**DIRECTIONS:** An exact reproduction of the listing is wanted, with the pictures dropped.

**INPUT DATA:**
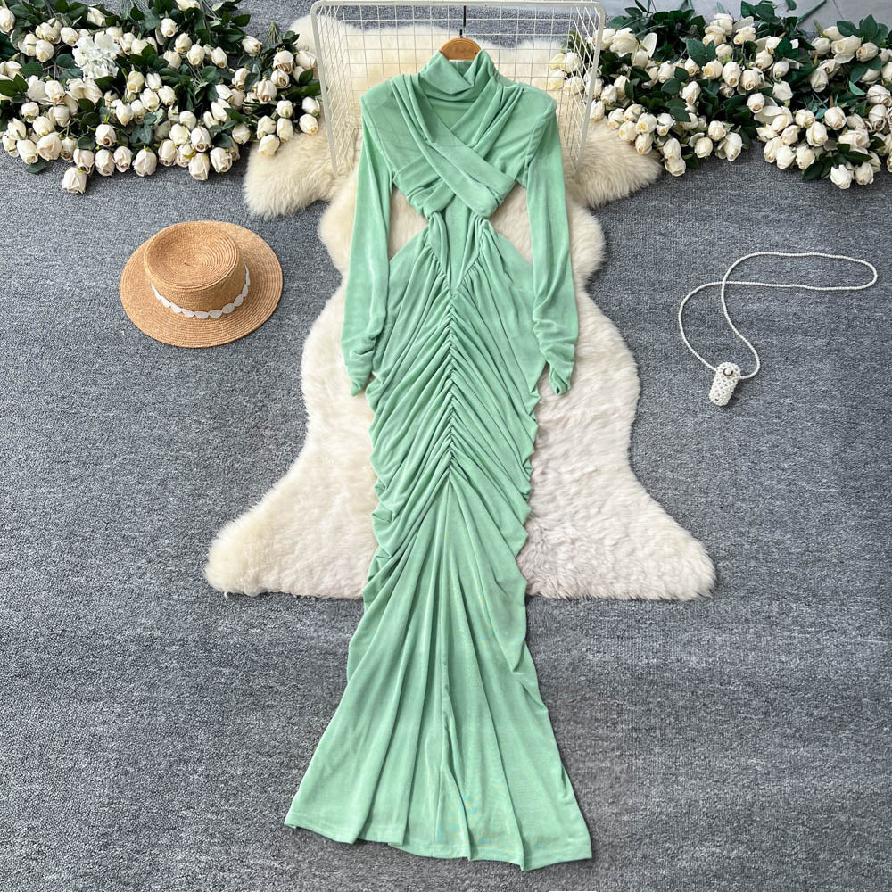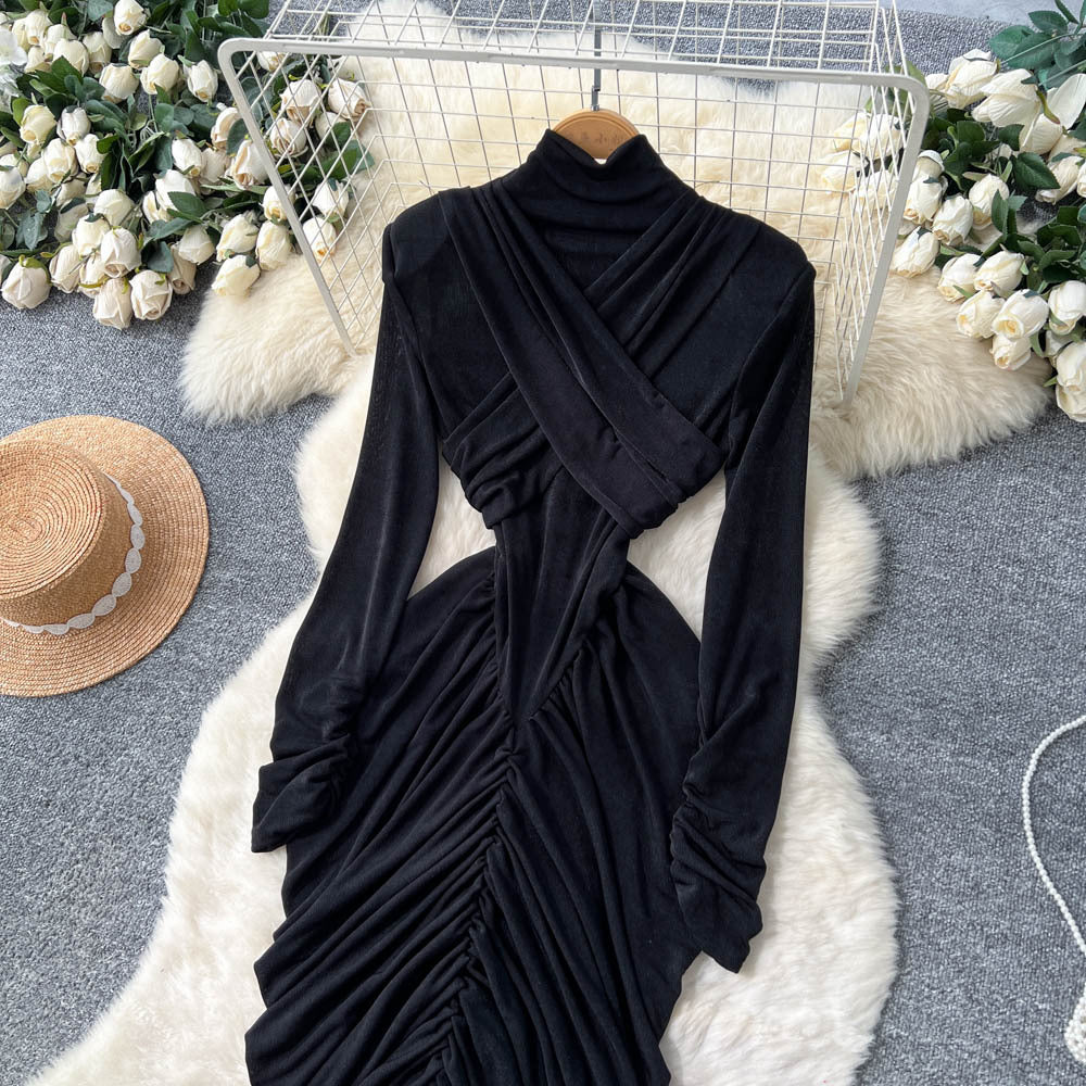 Women's Fashion Dress 2025 Autumn Design Feeling Cross-Folded Slim Top-Cuffed And High-Necked Dress
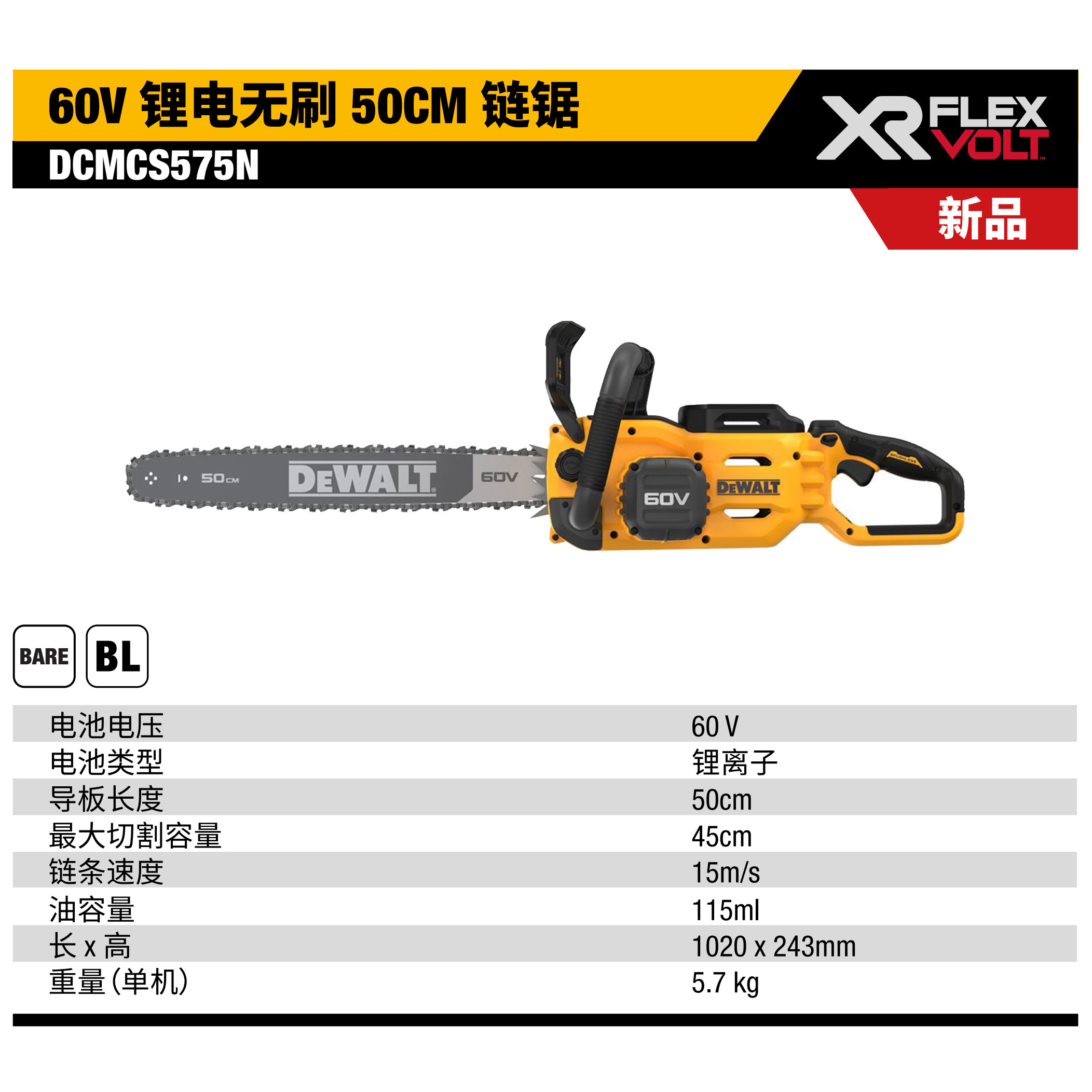 Подлинное DeWalt DCMCS575N Гибкое напряжение 50 см бесщеточной бесщеточной 54 В.
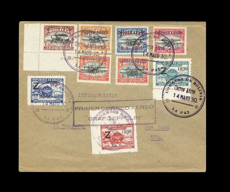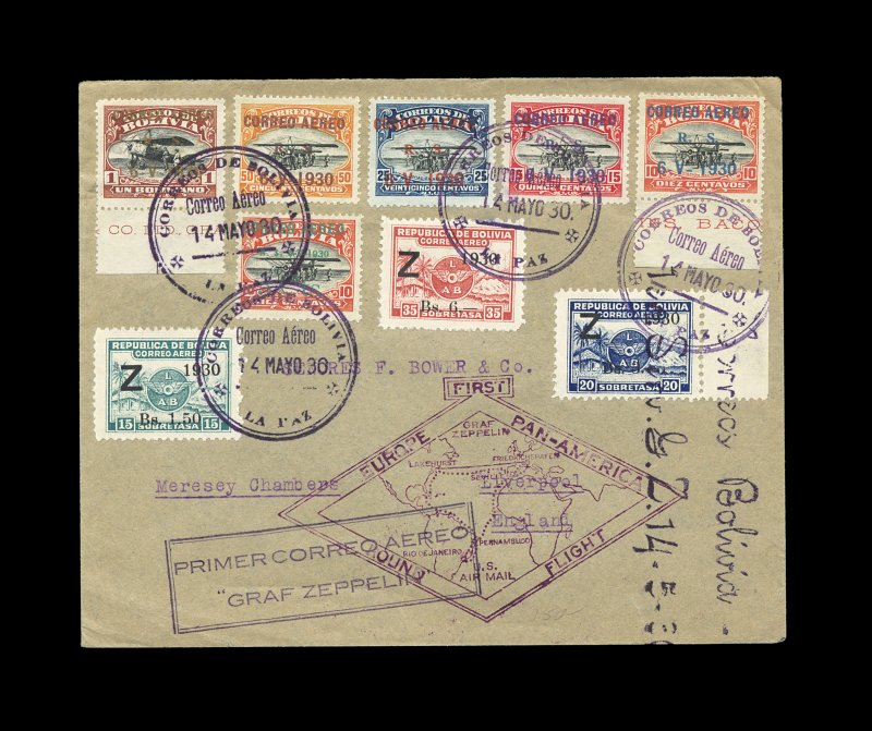 2339 c C24-26 #C24-26, 1930 1.50B-6B Zeppelin surcharges cplt., tied along with the six Air School overprints by La Paz c.d.s. postmarks to Pan-American Zeppelin cover (Sieger #60D), addressed to England, both black Bolivian flight cachets as well as the violet United States flight cachet, Friedrichshafen backstamp, very fine and scarce; ex-Gruys. (Image) Est. 500-750
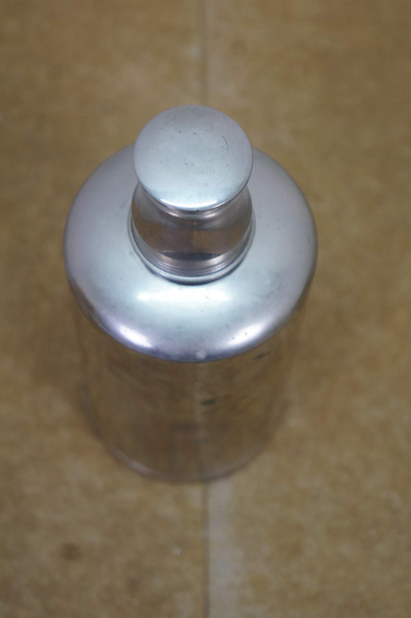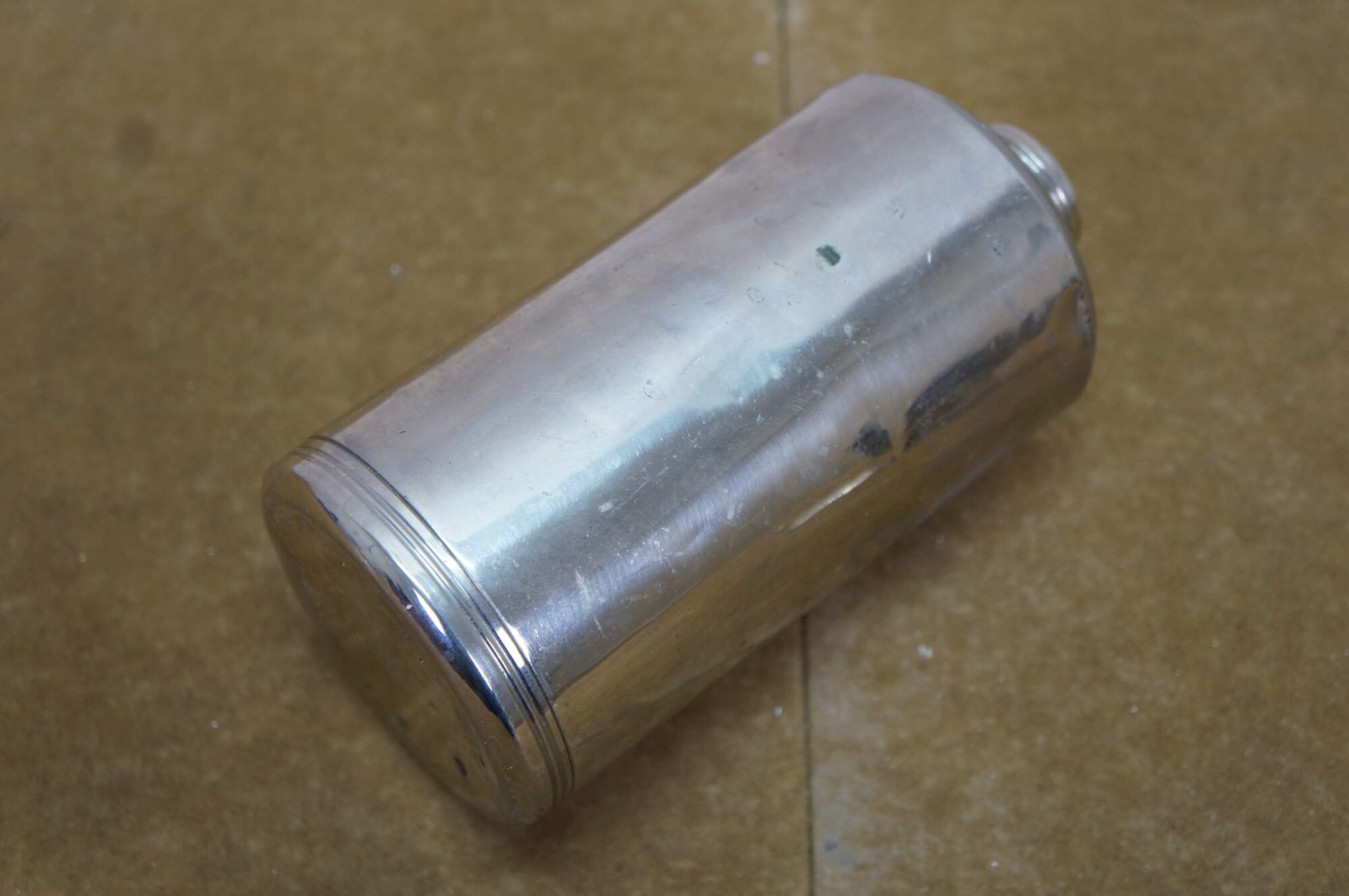 A unique early 20th Century silver plate liquor flask. Features a glass ground stopper and screw on lid / shot glass. Great for use on the go or display at your bar.

**SOLUTION:**
 Women's Fashion Dress 2025 Autumn Design Feeling Cross-Folded Slim Top-Cuffed And High-Necked Dress
 Подлинное DeWalt DCMCS575N Гибкое напряжение 50 см бесщеточной бесщеточной 54 В.
 2339 c C24-26 #C24-26, 1930 1.50B-6B Zeppelin surcharges cplt., tied along with the six Air School overprints by La Paz c.d.s. postmarks to Pan-American Zeppelin cover (Sieger #60D), addressed to England, both black Bolivian flight cachets as well as the violet United States flight cachet, Friedrichshafen backstamp, very fine and scarce; ex-Gruys. (Image) Est. 500-750
 A unique early 20th Century silver plate liquor flask. Features a glass ground stopper and screw on lid / shot glass. Great for use on the go or display at your bar.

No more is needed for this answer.